Reputation: 27
As said in: https://databricks.com/blog/2015/06/02/statistical-and-mathematical-functions-with-dataframes-in-spark.html
The describe()
function works for each numerical column, It is possible to do it against rows? My DF size is 53
cols and 346,143
rows, so transpose is not an option. How can I do it?
I'm using Spark 2.11
Upvotes: 0
Views: 1157
Reputation: 27373
You can do your own UDF. Either you make an separate UDF for each quantity or put everything in 1 UDF returning a complex result:
val df = Seq(
(1.0,2.0,3.0,4.0,5.0)
).toDF("x1","x2","x3","x4","x5")
val describe = udf(
{ xs : Seq[Double] =>
val xmin = xs.min
val xmax = xs.max
val mean = xs.sum/xs.size.toDouble
(xmin,xmax,mean)
}
)
df
.withColumn("describe",describe(array("*")))

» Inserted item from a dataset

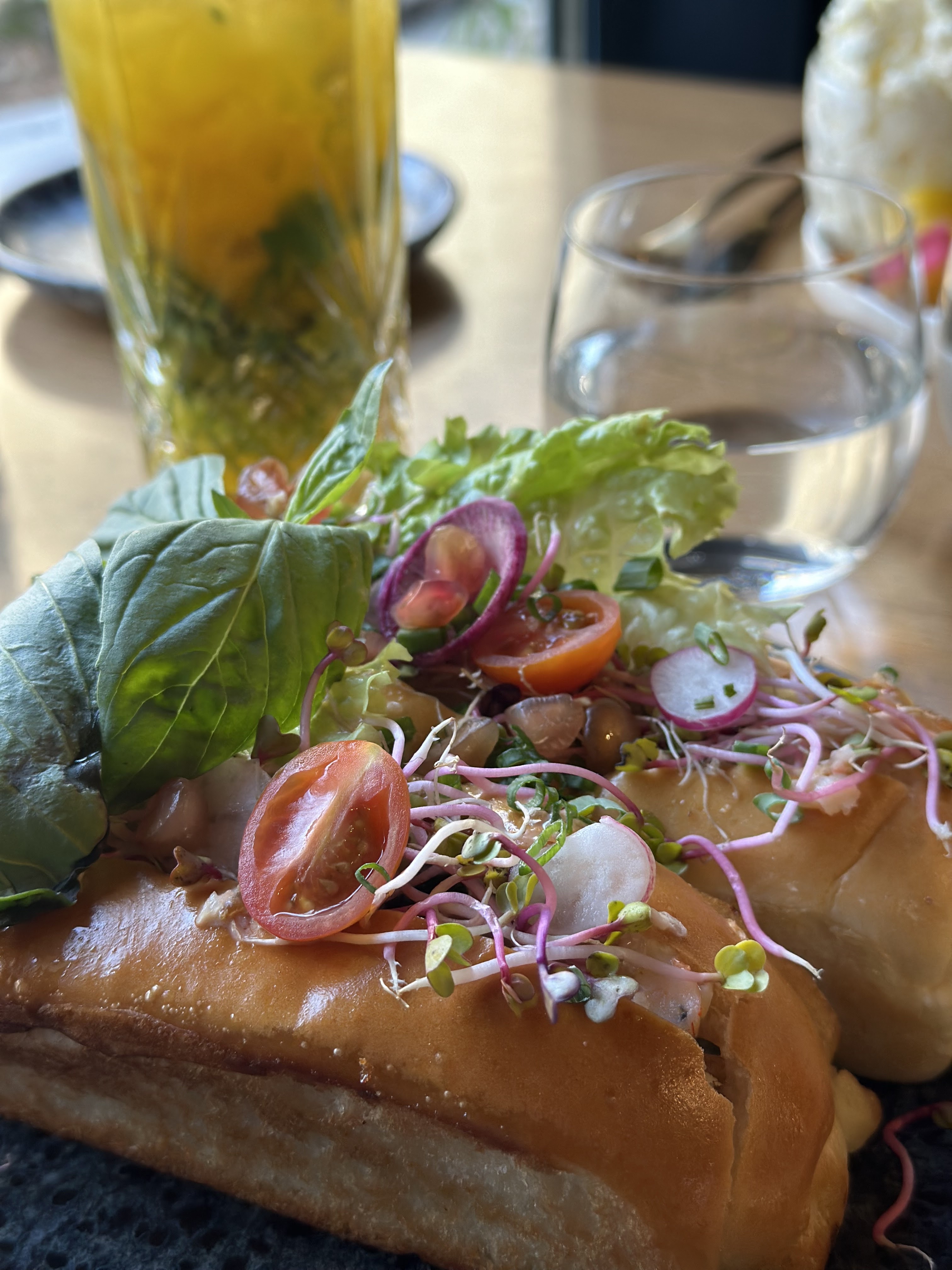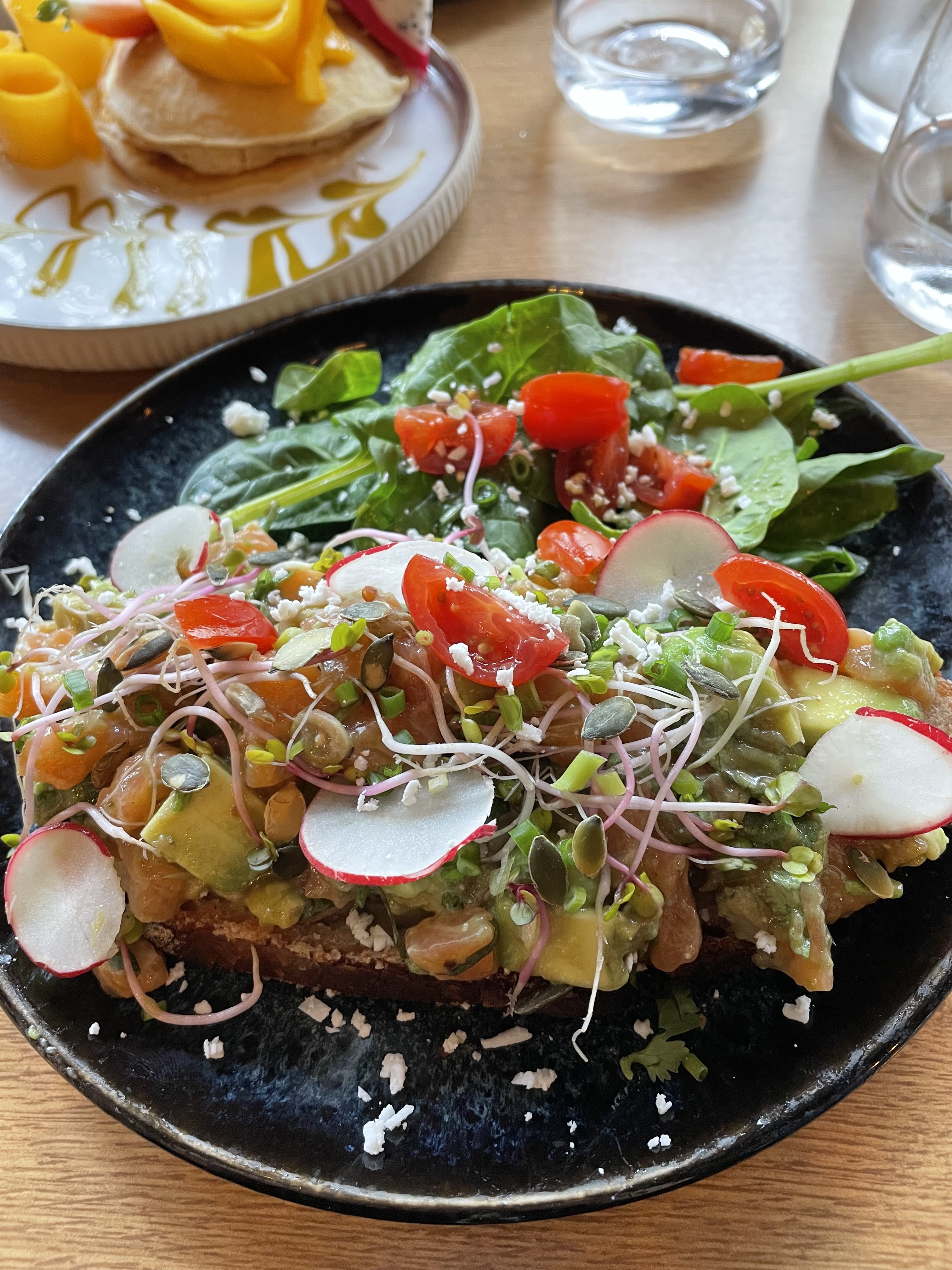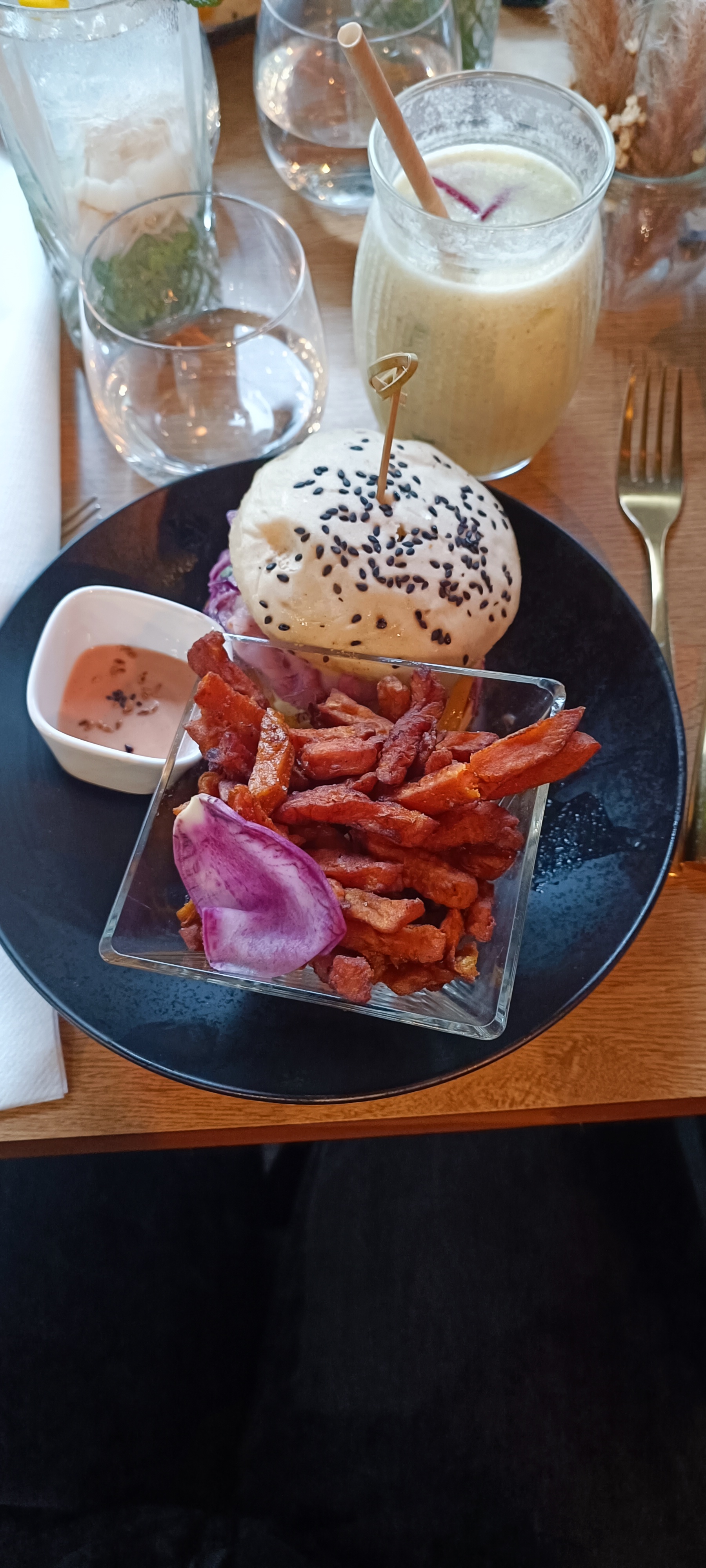 C’est un très bel endroit, j’ai partagé un bon moment avec mon amie. J’ai absolument voulu goûter le burgers veggie, il était très bon, le tofu est très prononcé. Et par la suite j’ai pris elle pancakes mangue coco, vraiment excellent ! Je recommande vivement les pancakes 🥞 ! Pour ces deux plats j’ai payé 30€, je trouve ça un peu chère, ces deux plats ne sont intégrés dans aucun menu et il n’y a pas de menu brunch, merci pour l’accueil @myriam_tm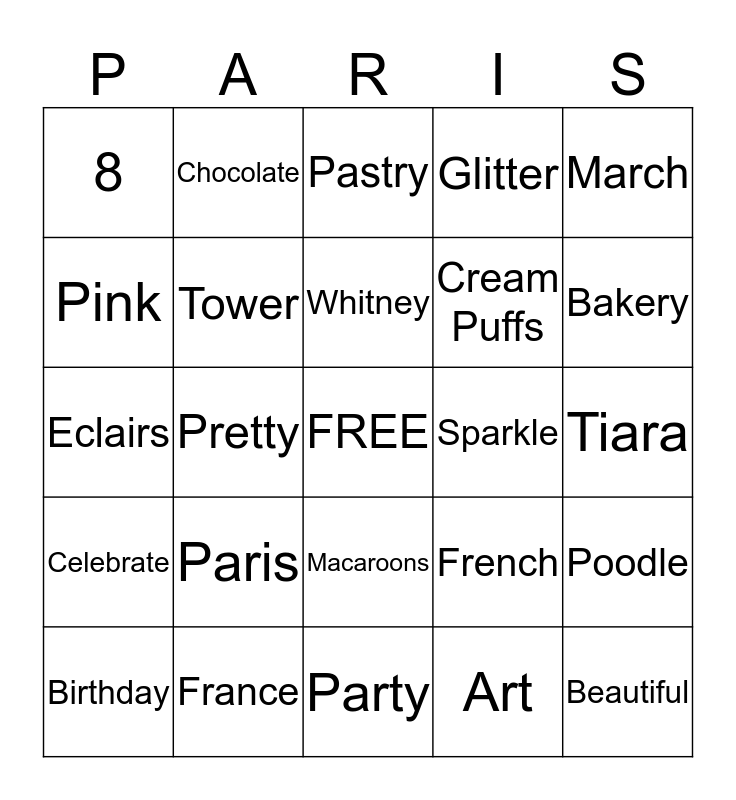 This bingo card has a free space and 24 words: Paris, France, Whitney, Birthday, March, 8, Pink, Chocolate, Sparkle, Macaroons, Cream Puffs, Eclairs, French, Poodle, Tower, Art, Tiara, Pastry, Bakery, Pretty, Beautiful, Celebrate, Glitter and Party.

.withColumn("min",$"describe._1")
.withColumn("max",$"describe._2")
.withColumn("mean",$"describe._3")
.drop($"describe")
.show
gives:
+---+---+---+---+---+---+---+----+
| x1| x2| x3| x4| x5|min|max|mean|
+---+---+---+---+---+---+---+----+
|1.0|2.0|3.0|4.0|5.0|1.0|5.0| 3.0|
+---+---+---+---+---+---+---+----+
Upvotes: 1